2. Ingevolge artikel 15e van de Vreemdelingenwet (Vw) dient binnen zes maanden na ontvangst te worden beslist op verzoeken om toelating als vluchteling en om een vergunning tot verblijf (zie onder achtergrond). De IND, belast met de afhandeling van asielverzoeken, onderzoekt in die tijd of betrokkene in aanmerking komt voor toelating als vluchteling of voor een vergunning tot verblijf. Asielzoekers die een verblijfsvergunning hebben aangevraagd, verkeren in onzekerheid over hun toekomst. Het is daarom voor hen van groot belang dat binnen een redelijke termijn op hun verzoeken wordt beslist.
3. Verzoeker diende op 14 augustus 1997 een verzoek in om toelating als vluchteling. Op 19 september 1997 en op 11 december 1997 werd hij gehoord naar aanleiding van zijn asielverzoek.
Nadat een vingerafdrukonderzoek had plaatsgevonden, legde het behandelend IND-district de Landendesk Irak op 10 maart 1998 een aantal vragen voor met betrekking tot verzoekers asielrelaas. De Landendesk heeft vervolgens na drie maanden, in juni 1998, het Ministerie van Buitenlandse Zaken verzocht het desbetreffende onderzoek uit te voeren.

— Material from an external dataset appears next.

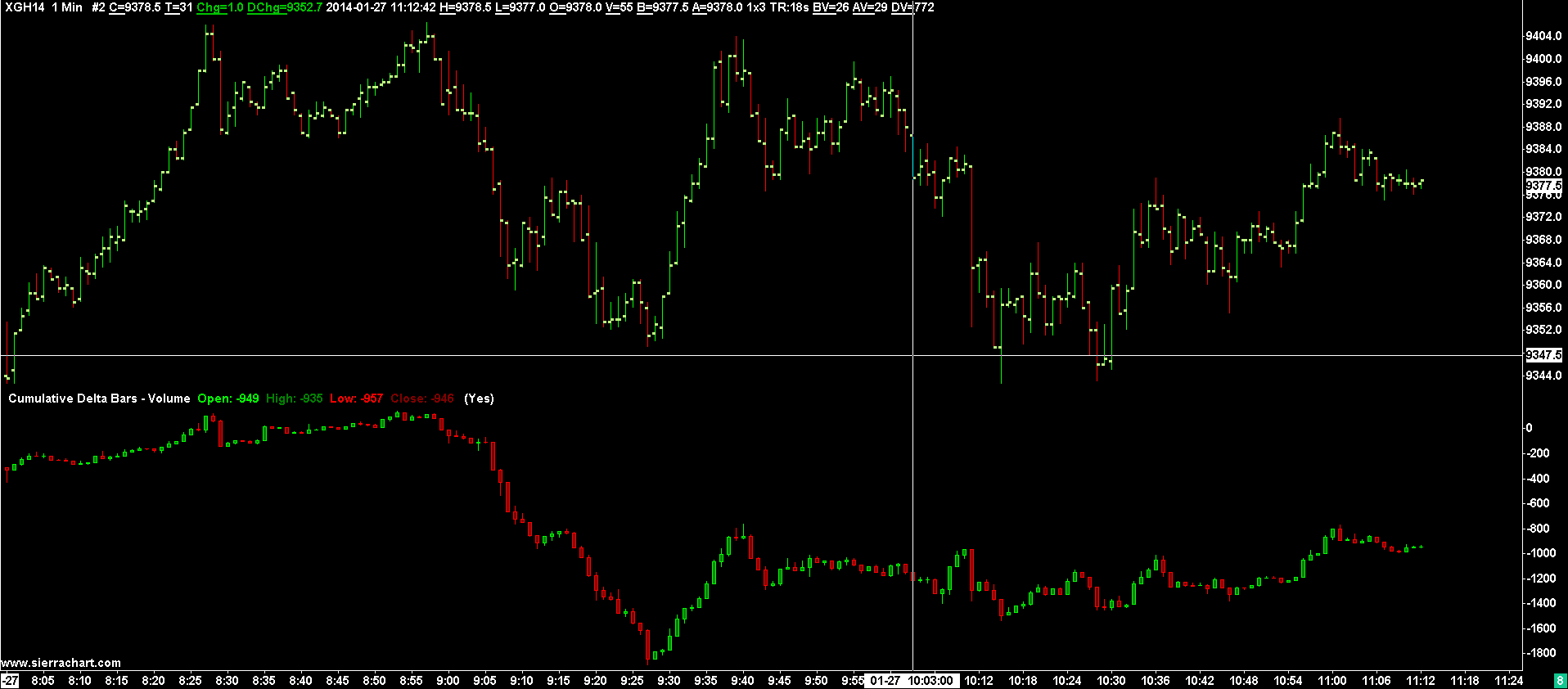There have been some changes with a Sierra Chart EUREX data feed, but it is really very hard to make any conclusive determinations about this. We really have to get back to basics and make a clear determination as to what the objective here really is. And what the meaning of bid volume and ask volume is. Our understanding of a trade at the bid is when a market order hits the best bid price which is established by a limit order and there is a trade. A trade at the ask is when a market order hits the best ask price which is established by a limit order and there is a trade. Trying to determine this from a data feed, requires very good synchronization between the bid and ask data and the last trade price data. Unless the exchange, like the CME does, indicates this, determining this from the price feed is imperfect at best. This is a chart of IQ feed Cumulative Delta for today for the March DAX futures: http://www.sierrachart.com/image.php?l=1390817582313.png This is the Sierra Chart EUREX feed: http://www.sierrachart.com/image.php?l=1390817632919.png The DAX is up on the day from its opening price. Does it make sense that the Cumulative Delta from IQ feed is so negative? And although IQ Feed has developed a good reputation, the actual calculations of bid volume and ask volume do not come from the exchange, they do not come from IQ Feed, they come from Sierra Chart based upon last trade price data, and best bid and ask price data. There is an algorithm applied to this to make the determination. Whether Sierra Chart is doing this in the very best possible way with a difficult to work with feed like the EUREX, is not necessarily true as we spend more time looking at this. This is what makes this whole thing difficult . Based upon what we are seeing today, with these current charts, those who are putting faith on IQ Feed and the interpretation of the data by Sierra Chart, raises some questions for us. Maybe it is all just perfect. Although can we be sure? At this point, we really have to analyze the raw EUREX feed and get an understanding from the exchange exactly how that data feed works. So this will require more research time. Sierra Chart Support - Engineering Level Your definitive source for support. Other responses are from users. Try to keep your questions brief and to the point. Be aware of support policy: https://www.sierrachart.com/index.php?l=PostingInformation.php#GeneralInformation For the most reliable, advanced, and zero cost futures order routing, *change* to the Teton service: Sierra Chart Teton Futures Order Routing Date Time Of Last Edit: 2014-01-27 10:21:43

Nadat op 13 augustus 1999 het Ministerie van Buitenlandse Zaken het desbetreffende ambtsbericht had uitgebracht zou, aldus de Staatssecretaris van Justitie in zijn reactie op de klacht, voor 20 oktober 1999 worden beslist op de asielaanvraag van verzoeker. De behandeling van de aanvraag heeft daarmee meer dan twee jaar in beslag genomen. Hiermee is de wettelijke termijn van artikel 15e Vw ver overschreden. Hoewel een deel van de behandelingsduur is te wijten aan de tijd die het Ministerie van Buitenlandse Zaken nodig heeft gehad om het desbetreffende ambtsbericht uit te brengen (zie hierna onder B.) is ook door de IND, gelet op de wettelijke termijn van artikel 15e Vw, onvoldoende voortvarendheid betracht. Met name is het onderzoek bij de Landendesk Irak te 's-Gravenhage te laat door de IND opgestart. Vervolgens heeft de Landendesk de onderzoeksvraag pas na drie maanden doorgezonden aan het Ministerie van Buitenlandse Zaken. De door de Staatssecretaris aangevoerde omstandigheden (zie bevindingen, onder C.) kunnen de vertraging in de behandeling wellicht verklaren, maar niet rechtvaardigen.
De onderzochte gedraging van de IND is niet behoorlijk.
B. Met betrekking tot het Ministerie van Buitenlandse Zaken
Op het verzoek van juni 1998 van de Landendesk Irak om een onderzoek uit te voeren met betrekking tot verzoekers asielrelaas heeft het Minister van Buitenlandse Zaken na veertien maanden, op 13 augustus 1999, een ambtsbericht uitgebracht. Gelet op de termijn van artikel 15e Vw is daarmee onvoldoende voortvarend gehandeld. Ook de door de Minister van Buitenlandse Zaken aangevoerde omstandigheden (zie bevindingen, onder D.) kunnen de vertraging in de behandeling onvoldoende rechtvaardigen.
De onderzochte gedraging van het Ministerie van Buitenlandse Zaken is eveneens niet behoorlijk.
Conclusie
De klacht over de onderzochte gedraging van de Immigratie- en Naturalisatiedienst van het Ministerie van Justitie (IND), die wordt aangemerkt als een gedraging van de Minister van Justitie, is gegrond.
De klacht over de onderzochte gedraging van het Ministerie van Buitenlandse Zaken, die wordt aangemerkt als een gedraging van de Minister van Buitenlandse Zaken, is eveneens gegrond.